After removing every image, reproduce the data exactly as it appears.

[Start of section]

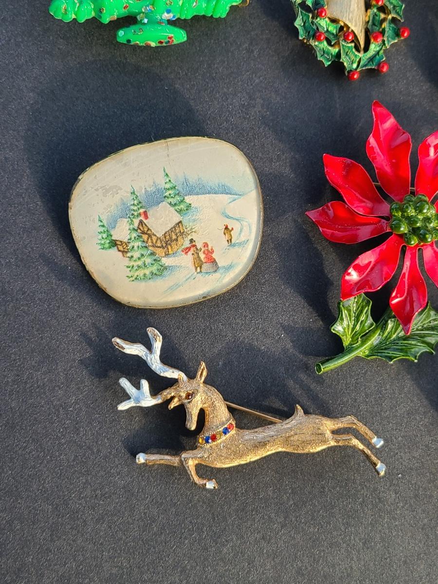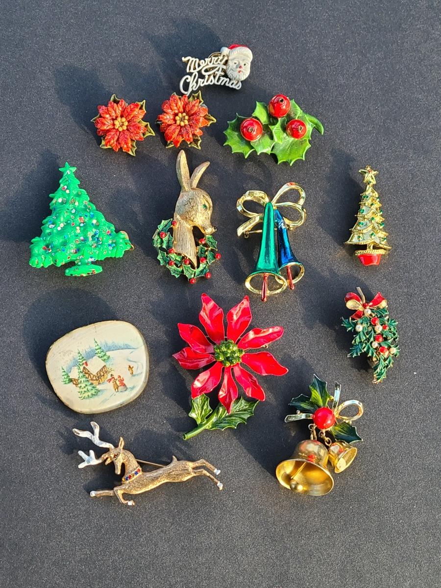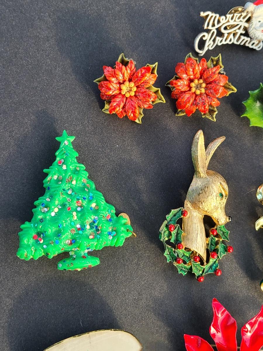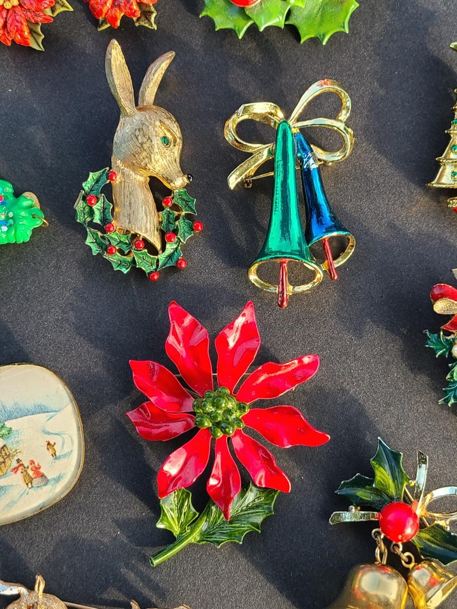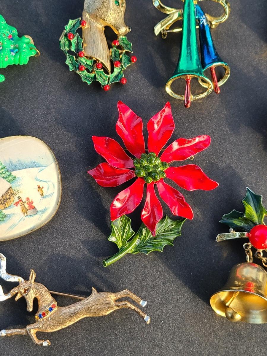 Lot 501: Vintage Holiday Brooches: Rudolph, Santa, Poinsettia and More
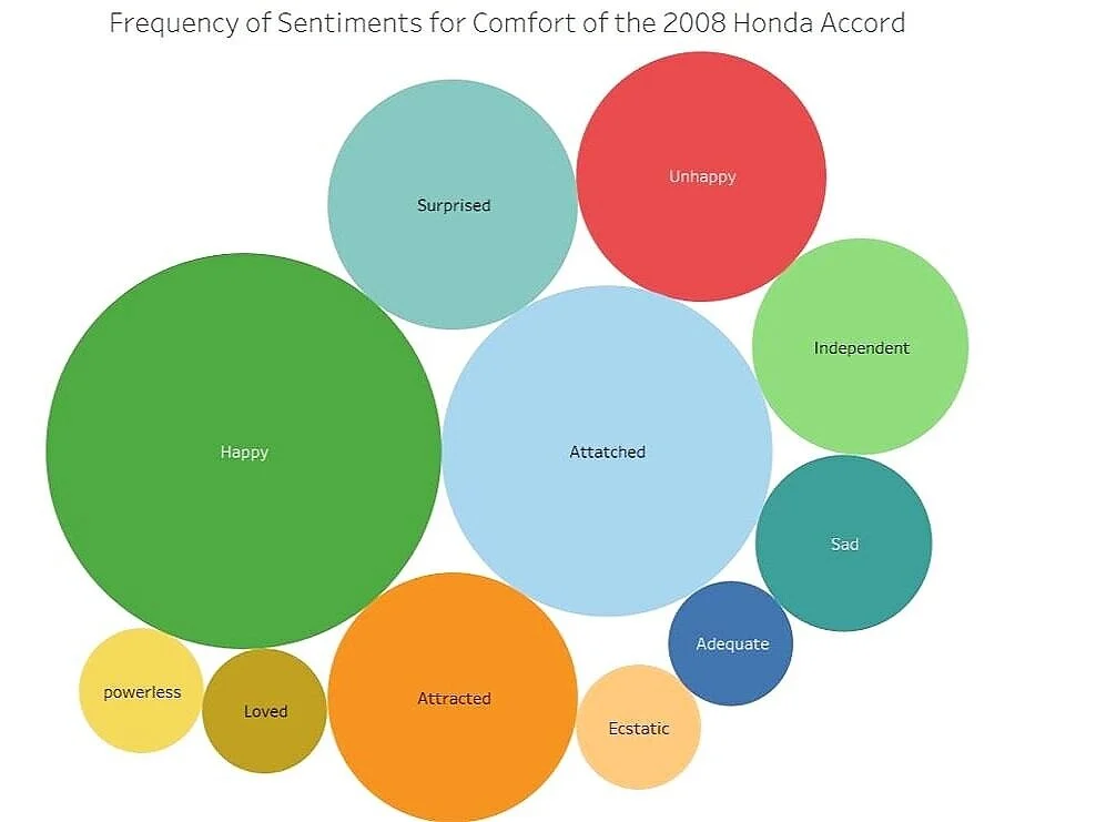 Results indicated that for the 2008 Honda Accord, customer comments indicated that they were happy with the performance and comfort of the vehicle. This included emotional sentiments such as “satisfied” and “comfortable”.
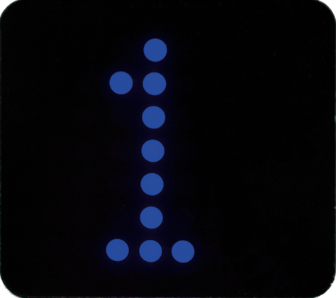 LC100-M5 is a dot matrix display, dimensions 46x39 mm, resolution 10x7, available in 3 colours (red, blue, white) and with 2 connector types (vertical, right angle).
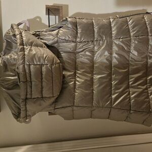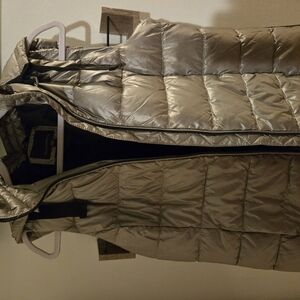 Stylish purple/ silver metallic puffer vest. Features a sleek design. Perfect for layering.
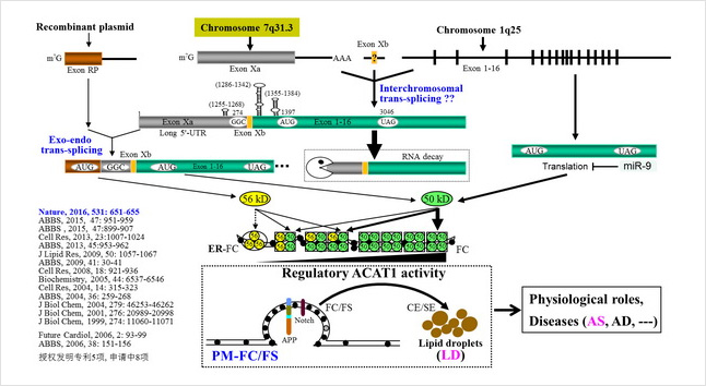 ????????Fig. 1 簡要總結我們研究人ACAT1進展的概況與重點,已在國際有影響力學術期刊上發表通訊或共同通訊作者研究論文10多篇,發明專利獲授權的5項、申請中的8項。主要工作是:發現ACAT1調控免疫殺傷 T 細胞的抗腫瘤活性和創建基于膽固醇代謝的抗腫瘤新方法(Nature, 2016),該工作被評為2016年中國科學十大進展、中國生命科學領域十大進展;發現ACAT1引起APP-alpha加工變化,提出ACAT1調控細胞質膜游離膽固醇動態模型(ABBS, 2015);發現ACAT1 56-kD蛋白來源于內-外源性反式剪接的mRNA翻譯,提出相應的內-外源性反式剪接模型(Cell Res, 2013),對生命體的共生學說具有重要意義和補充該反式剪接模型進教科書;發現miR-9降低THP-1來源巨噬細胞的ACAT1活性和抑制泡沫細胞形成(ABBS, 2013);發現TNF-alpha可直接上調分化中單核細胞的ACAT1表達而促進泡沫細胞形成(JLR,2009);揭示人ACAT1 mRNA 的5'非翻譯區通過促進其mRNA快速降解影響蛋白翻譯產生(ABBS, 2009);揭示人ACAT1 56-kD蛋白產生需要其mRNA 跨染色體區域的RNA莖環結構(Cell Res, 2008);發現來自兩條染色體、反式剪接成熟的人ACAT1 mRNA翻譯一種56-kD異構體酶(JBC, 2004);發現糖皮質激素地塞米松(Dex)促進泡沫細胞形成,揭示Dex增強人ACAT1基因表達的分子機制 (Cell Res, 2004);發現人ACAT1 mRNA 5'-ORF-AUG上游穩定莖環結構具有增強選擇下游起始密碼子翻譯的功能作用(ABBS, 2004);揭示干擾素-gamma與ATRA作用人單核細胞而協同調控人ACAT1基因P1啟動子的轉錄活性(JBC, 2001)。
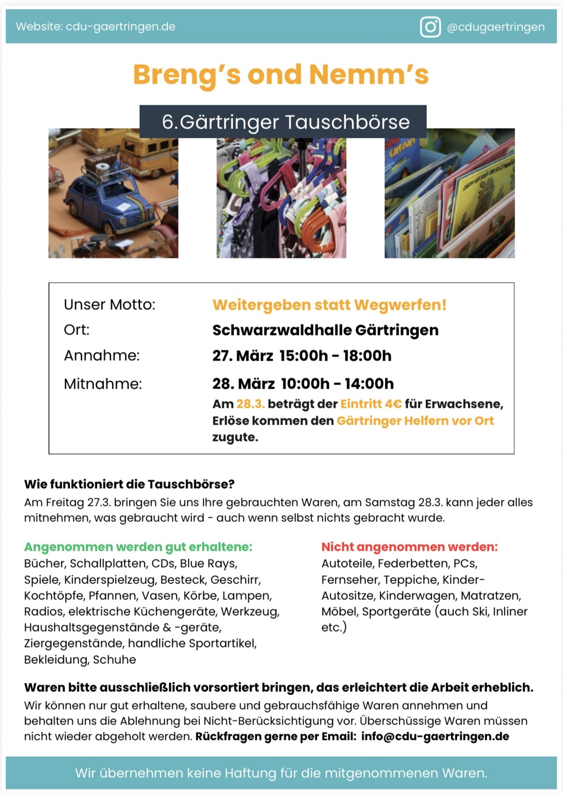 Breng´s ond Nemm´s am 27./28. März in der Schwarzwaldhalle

[End of section]

▸ **Exercise response**
 Lot 501: Vintage Holiday Brooches: Rudolph, Santa, Poinsettia and More
 Results indicated that for the 2008 Honda Accord, customer comments indicated that they were happy with the performance and comfort of the vehicle. This included emotional sentiments such as “satisfied” and “comfortable”.
 LC100-M5 is a dot matrix display, dimensions 46x39 mm, resolution 10x7, available in 3 colours (red, blue, white) and with 2 connector types (vertical, right angle).
 Stylish purple/ silver metallic puffer vest. Features a sleek design. Perfect for layering.
 ????????Fig. 1 簡要總結我們研究人ACAT1進展的概況與重點,已在國際有影響力學術期刊上發表通訊或共同通訊作者研究論文10多篇,發明專利獲授權的5項、申請中的8項。主要工作是:發現ACAT1調控免疫殺傷 T 細胞的抗腫瘤活性和創建基于膽固醇代謝的抗腫瘤新方法(Nature, 2016),該工作被評為2016年中國科學十大進展、中國生命科學領域十大進展;發現ACAT1引起APP-alpha加工變化,提出ACAT1調控細胞質膜游離膽固醇動態模型(ABBS, 2015);發現ACAT1 56-kD蛋白來源于內-外源性反式剪接的mRNA翻譯,提出相應的內-外源性反式剪接模型(Cell Res, 2013),對生命體的共生學說具有重要意義和補充該反式剪接模型進教科書;發現miR-9降低THP-1來源巨噬細胞的ACAT1活性和抑制泡沫細胞形成(ABBS, 2013);發現TNF-alpha可直接上調分化中單核細胞的ACAT1表達而促進泡沫細胞形成(JLR,2009);揭示人ACAT1 mRNA 的5'非翻譯區通過促進其mRNA快速降解影響蛋白翻譯產生(ABBS, 2009);揭示人ACAT1 56-kD蛋白產生需要其mRNA 跨染色體區域的RNA莖環結構(Cell Res, 2008);發現來自兩條染色體、反式剪接成熟的人ACAT1 mRNA翻譯一種56-kD異構體酶(JBC, 2004);發現糖皮質激素地塞米松(Dex)促進泡沫細胞形成,揭示Dex增強人ACAT1基因表達的分子機制 (Cell Res, 2004);發現人ACAT1 mRNA 5'-ORF-AUG上游穩定莖環結構具有增強選擇下游起始密碼子翻譯的功能作用(ABBS, 2004);揭示干擾素-gamma與ATRA作用人單核細胞而協同調控人ACAT1基因P1啟動子的轉錄活性(JBC, 2001)。
 Breng´s ond Nemm´s am 27./28. März in der Schwarzwaldhalle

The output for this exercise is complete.